We’re not quite there yet. Lots can happen in just a week. But it’s a good time now to think back across 2018 and think about how things have changed. How I have changed. And if there’s one thing I can say with absolute clarity about this year, it’s that it has been a year of change. At the beginning of the year, I was in the same job I had been for fourteen years. I was preparing to move house… again. I was experiencing a fair bit of upheaval in my love life. And I was lacking quite a bit in the way of direction. So it became quite a year. I always knew it was going to be. So many things could have gone one way or the other. But fears were faced and I stepped into a new life that I couldn’t have imagined before.
We often look at the different streams of our lives, imagining that they are somehow separate from one another. I certainly have done that. I have told myself that the way I responded to people wasn’t impacted by the rough day I had at work. Or that the uncertainty I felt in my relationship didn’t change the way I looked at special events. But the reality is that there’s always some kind of snowball effect. And the reason why is simple. Whether I’m at work, with my partner, with my boy or with my friends I’m always me. I’ve come to recognise that more and more. The thing is, like all things in life, I change. I am impermanent.
Having spent so many years in one workplace, it was an extreme challenge to move away from it. I was surrounded by so many friends and colleagues I had known for such a long time. I knew the work I was doing – I would walk in the door in the morning and know all the processes, faces and expectations. I know my role. I knew my place. But it was time for change. Because everything is impermanent, right? I actually didn’t know what to expect when I left. But what I did learn is that I’ll always find another way. If I’m willing to develop myself and my skills, I can always find another job, or even another career. And the thing is, now that I’ve stepped away from the job I did for so long, I realise that I’m not my job. 2018 Learning #1: Your job doesn’t say anything about who you are as a human. Because it is impermanent.
In late 2017 I was given notice by my landlord that I would have to move. Her daughter was going to move into my place, so I had 60 days to find a new one. I must have looked at 25 properties in the course of 3 weeks and I was beginning to become a bit despondent about it. How was I going to find something that I’d feel comfortable in. I needed somewhere that suited me, and that suited my son. Somewhere we could be for a long time. Somewhere near the school my boy goes to. Somewhere we could make memories. But it seemed like every house just wasn’t quite right. We’d look at older places, and they’d be in disrepair, or dirty or like they hadn’t been updated since the 1960s. We’d look at newer places, and the rooms seemed like they’d been built for a local version of ‘The Hobbit’, which wouldn’t matter if you don’t mind not even being able to swing a small kitten. Then I spotted one and went to take a look. Up the street from some close friends, near the shops, convenient for my son’s school and easy to get to. And it was perfect. We moved in shortly after, and with a few plants and a little time getting organised, it felt like home almost immediately. And almost a year later, it feels more like home than ever. 2018 Learning #2: Persist and you will find what you’re looking for. And if it’s meant to be yours, it will be. Because uncertainty, like everything else, is impermanent.

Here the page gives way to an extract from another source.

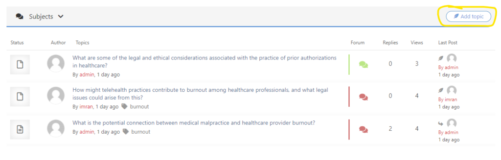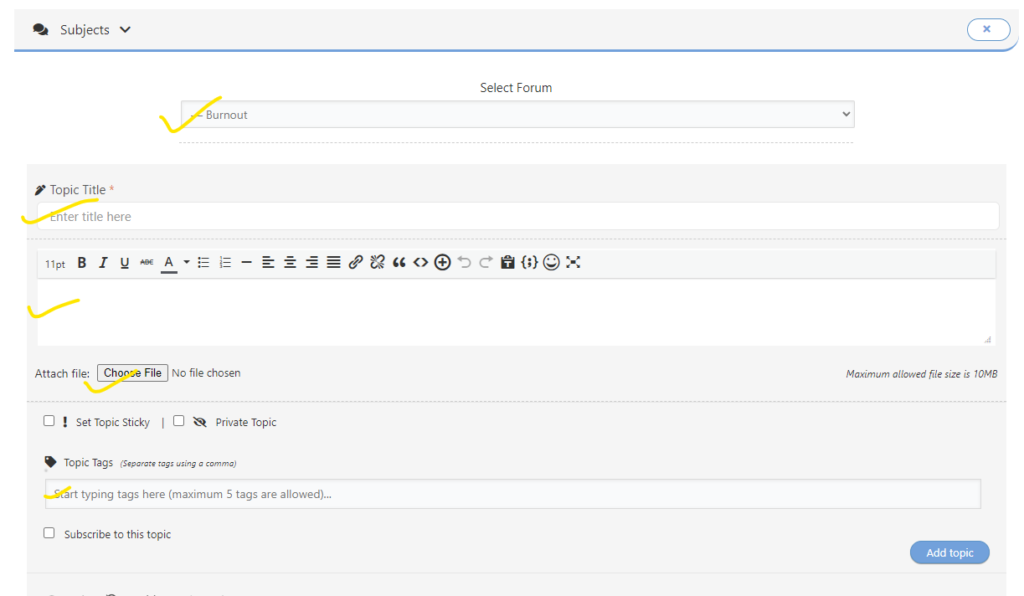 3. Select your subject from the drop-down menu. Then insert your Topic title and description. You can also insert a file and add a maximum of 5 tags. Finally, to submit the topic click “Add topic” at the bottom right side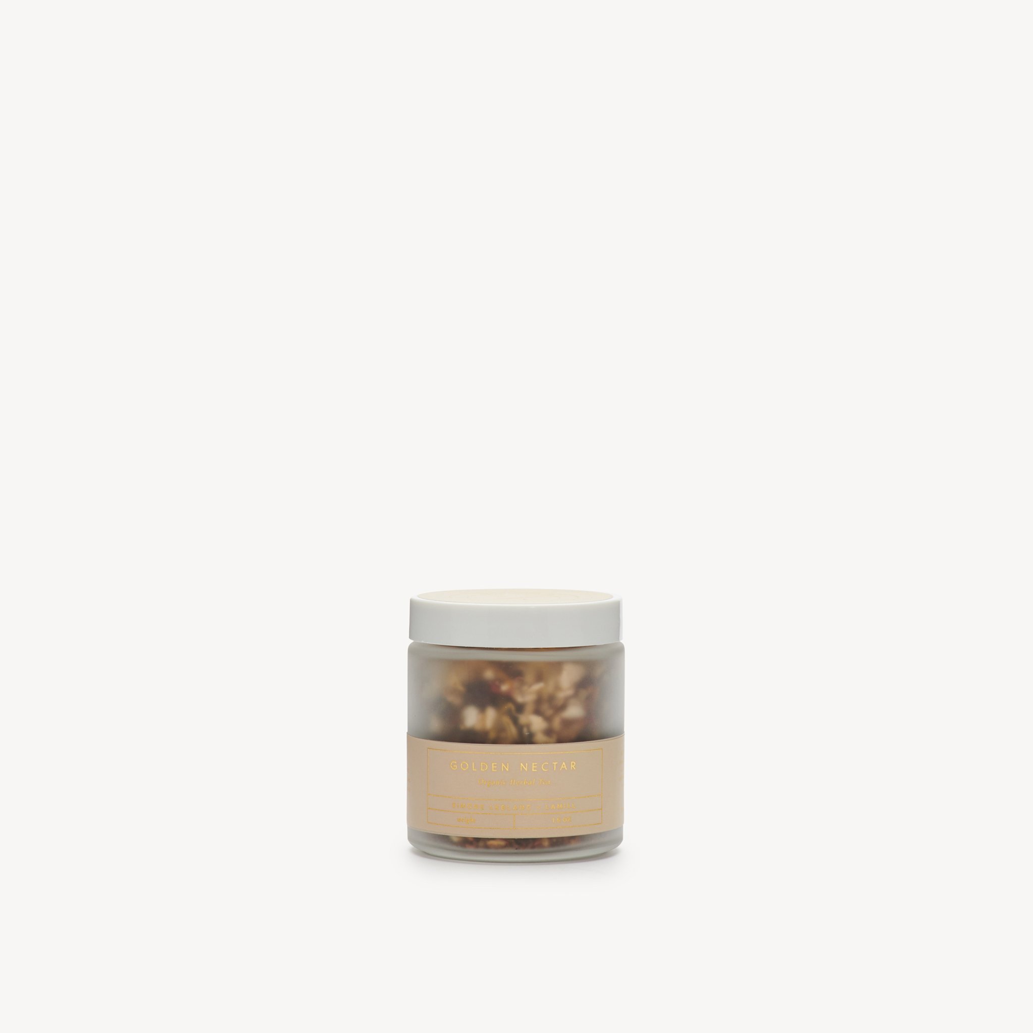 Our Golden Nectar Tea. A calming and delightful cup, this is an organic, non-caffeinated blend inspires a calming and bright mood. Made in collaboration with an atelier in California, our new 1.5 oz. vessel holds loose leaf tea that can brew up to 12 cups.

If I can say one thing about my romantic life this year, it’s that it has been consistently inconsistent. There have been moments when I wondered what I was doing. There have been moments of worry. There have been moments of joy. But most of all there has been love, and there has been learning. As I have moved through the year – through times when seeming certainty has been rocked by change (always!) – I have learnt to focus my energies on two things in particular. And the more I think about it, the more I believe that these things are key to any successful relationship. I’m not saying I’m there yet – there’s always a road ahead, and there’s always things to work on. But those two keys are these: keep giving love, even when you think you have no more to give; and communicate your needs and do it clearly and with kindness. For the first, you never really know what’s going on for someone else, no matter how communicative your relationship is. So if you just love and support, you’ll know that you’re doing your best and that you’re giving the other person the best chance to be their best too. The second part hasn’t come so easily to me. It’s hard in a growing relationship to communicate needs, especially when you’re learning the other person’s needs at the same time. But the lesson for me has been that if you can combine these two habits, good things can happen. 2018 Learning #3: Good things come from loving communication. And if there’s a bit of discomfort in getting to the point where you can do this, don’t worry. Because it’s impermanent.
In 2018 I have written somewhere near 40 blog posts, started a new business, changed jobs and careers, found my feet, lost them, been picked up and picked myself up. Thank you to all the people who have been there with me along the way. BMW will be back in 2019. I look forward to sharing more with you all then as a new chapter opens. Until then, merry Christmas and a balanced, healthy, happy and safe new year to you all.